В деревню Ратынцы Воложинского района я приехала совсем с другим редакционным заданием. Справилась быстро и вечером уже ждала на перекрестке автобус, чтобы вернуться в Минск. Сидели тут же на лавке женщины, поджидали на выходные своих городских теперь детей. Чуть только тронула их память, заговорили громко, как заголосили. Успела записать несколько фамилий: Елена Адамовна Величко, Юстина Лукьяновна Григорович, Мария Федоровна Мазуро…

Нет, они не воевали, эти женщины, и не были в партизанах. Им выпало другое: выправлять на фронт своих мужей и сыновей, получать на них скупые на слова похоронки, поднимать весной одним без мужиков землю и сеять хлеб, спасать детишек. Сохранить в войну пятеро или четверо детей, род свой сохранить — это тоже подвиг.

И я включила их рассказы в эту книгу, потому что хотя они и не были на войне, но называют себя солдатками. Вот как велика была наша армия!

«Партизанам все помогали, кто как мог. Что мы, бабы, могли, когда детей полная хата? Покормишь, обстираешь людей. Спалили нас немцы, забрали все дочиста. Остались мы на одном сером камне. Пришли из лесу, ничего нет. Только коты пооставались. Что ели? Летом пойду ягод насобираю, грибов. Полная ж хата детей…

А кончилась война, в колхоз пошли. И жала, и косила, и молотила. Мама моя так говорила: как помру, не знаю, что с душой будет, а руки так отдохнут. Так тяжко робили. Девочке моей десять лет быть, она со мной жала. Бригадир приехал поглядеть, как такая малая и норму до вечера зробить. А мы жнем и жнем, солнце за лес катится, а нам чтоб оно выше поднялось. Нам дня мало, чтоб одним, без мужиков, всю работу поробить — и в колхозе, и дома. И мы в колхозе по две нормы давали. Я и теперь, когда бригадир попросит, помогать хожу.

После войны в моей хате тольки дети остались и рушник на иконе. Оголели совсем. Пошла моя девочка в школу, только тогда я ей первые ботиночки купила. Она в них спать ложилась, не хотела снимать. Во как жили!»
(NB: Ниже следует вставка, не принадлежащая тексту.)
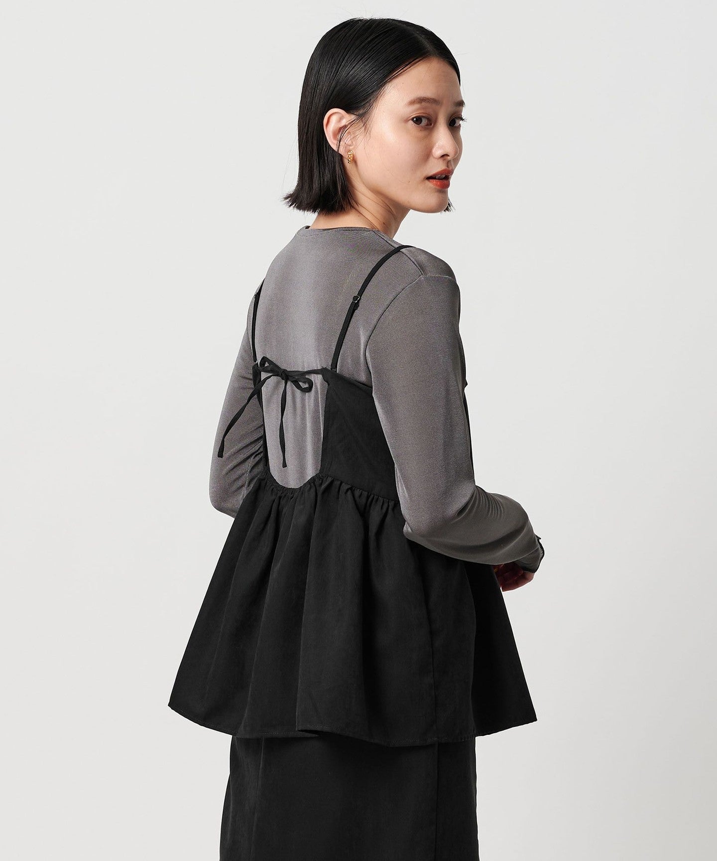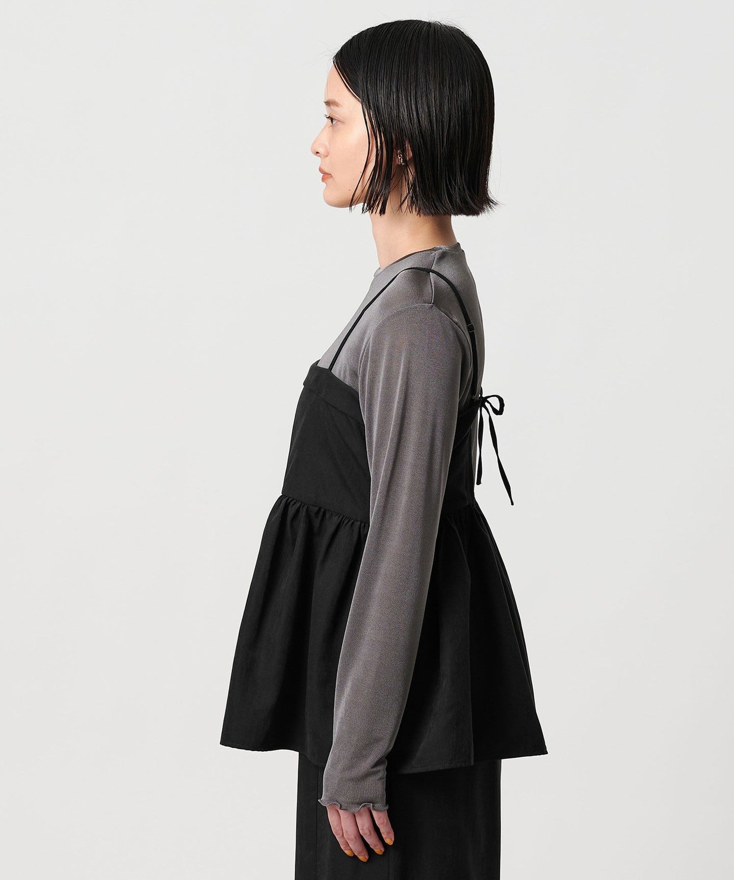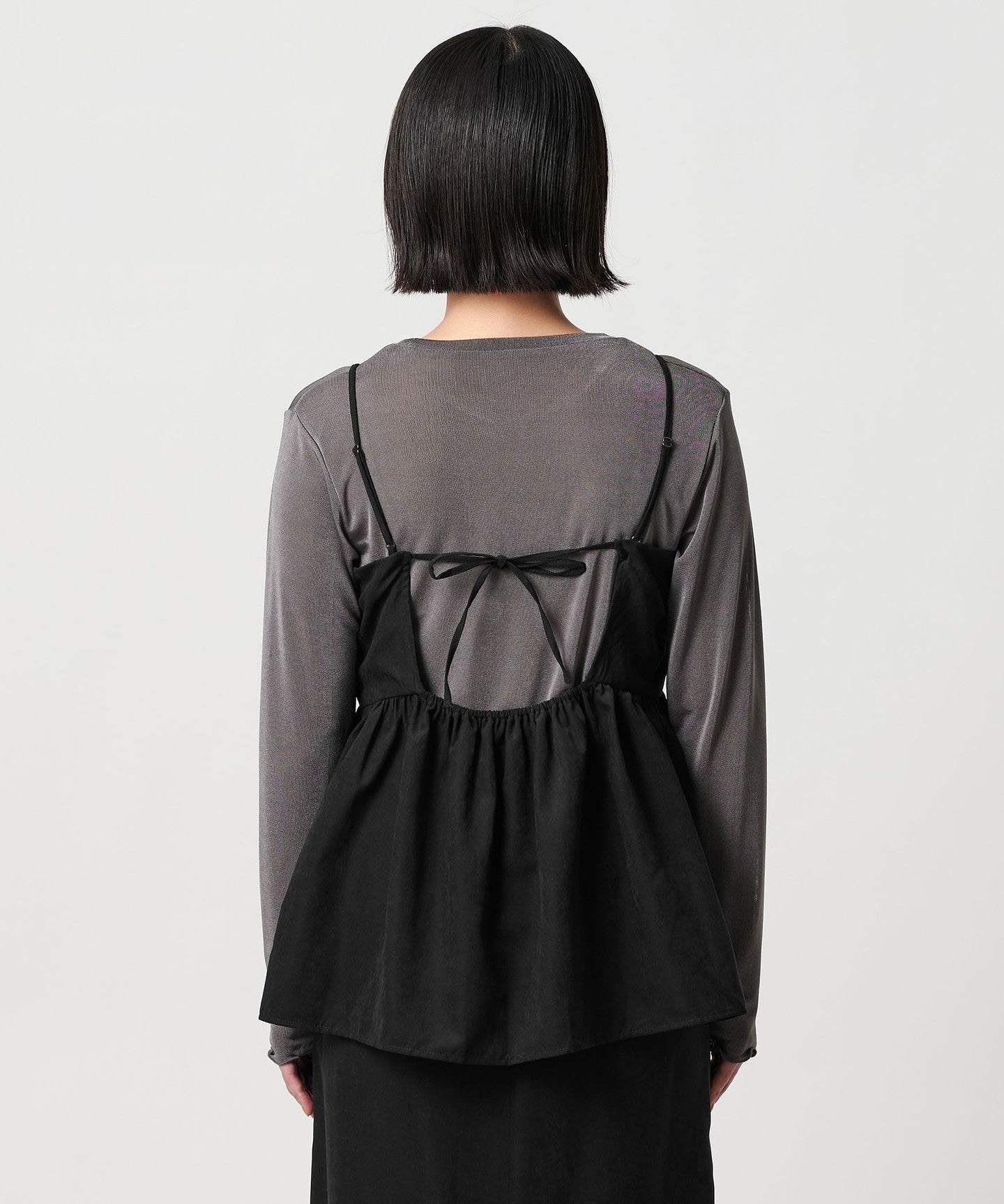 The camisole has a flared silhouette that gently spreads out from under the chest, and is accented with a delicate ribbon at the back.

Заплакала одна, заговорила другая:

«Слух прошел, что в местечко пригнали наших пленных, кто признает там своего, может забрать. Поднялись, побегли наши бабы! Вечером кто своего, а кто чужого привел, и такое рассказывают, что поверить не можно: гниют люди живцом, с голода помирают. Побегла и я на другой день, своего не нашла, думаю, сына кому-нибудь спасу. Приглянулся мне один чернявенький, Сашко звали, как сейчас моего маленького внучка. Может годков восемнадцать ему было. Дала немцу сала, божусь: „Брат“. Пришли мы домой, он одного яйца не съест, так сослаб. Месяца не побыли эти люди у нас, и нашелся гад. Жил, как все, женатый, двое детей… Пошел в комендатуру и заявил, что мы чужих взяли. Назавтра немцы приезжают на мотоциклах. Голосим, на колени падаем, а они обманули, что отвезут их ближе к дому. Я Сашко костюм дедовый отдала, свои три платья… Я думала, он будет жить, домой добираться.
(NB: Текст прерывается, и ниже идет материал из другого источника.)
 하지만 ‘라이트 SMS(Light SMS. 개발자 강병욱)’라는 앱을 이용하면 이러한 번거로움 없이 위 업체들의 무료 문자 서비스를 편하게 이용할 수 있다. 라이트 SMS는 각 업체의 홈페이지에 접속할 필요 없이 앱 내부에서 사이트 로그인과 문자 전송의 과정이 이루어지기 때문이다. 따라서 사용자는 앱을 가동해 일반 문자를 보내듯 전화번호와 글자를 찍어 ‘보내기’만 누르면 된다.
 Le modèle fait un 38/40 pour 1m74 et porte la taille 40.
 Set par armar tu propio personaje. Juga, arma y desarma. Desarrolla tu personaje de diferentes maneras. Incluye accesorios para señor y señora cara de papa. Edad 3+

А их вывели за деревню и положили с автоматов всех. Знать, что постреляют, мы б их в лесу затаили, пускай бы сами с детьми погибли, но спасали. Они же молодые-молодые, хорошие! И мы решили, у кого они были, девять человек, их поховать. Пятеро из ямы вытягивают, а четверо оглядываются, чтоб немцы не налетели. Руками нельзя, самая жара, а они четыре дня полежали… и лопатами посечь боимся… На настольник положишь и тянешь… И воду брали, и носы завязывали… Как самим не упасть… Могилку одну в лесу выкопали, положили в рядок, простынями головы понакрывали, ноги.

Год мы не утихали, плакали по ним. И каждая думала: а где мой муж или сын?»

О мужьях своих до сих пор вспоминают, как о молодых ребятах, потому что остались у них только их молодые фотографии… И дети, похожие на них.

«Муж у меня был хороший, добрый. Мы с ним успели пожить только полтора годочка. Когда он уходил, я дите под грудями носила. Но он девочку не дождался, без него родила. Он летом ушел, а я ее осенью приждала.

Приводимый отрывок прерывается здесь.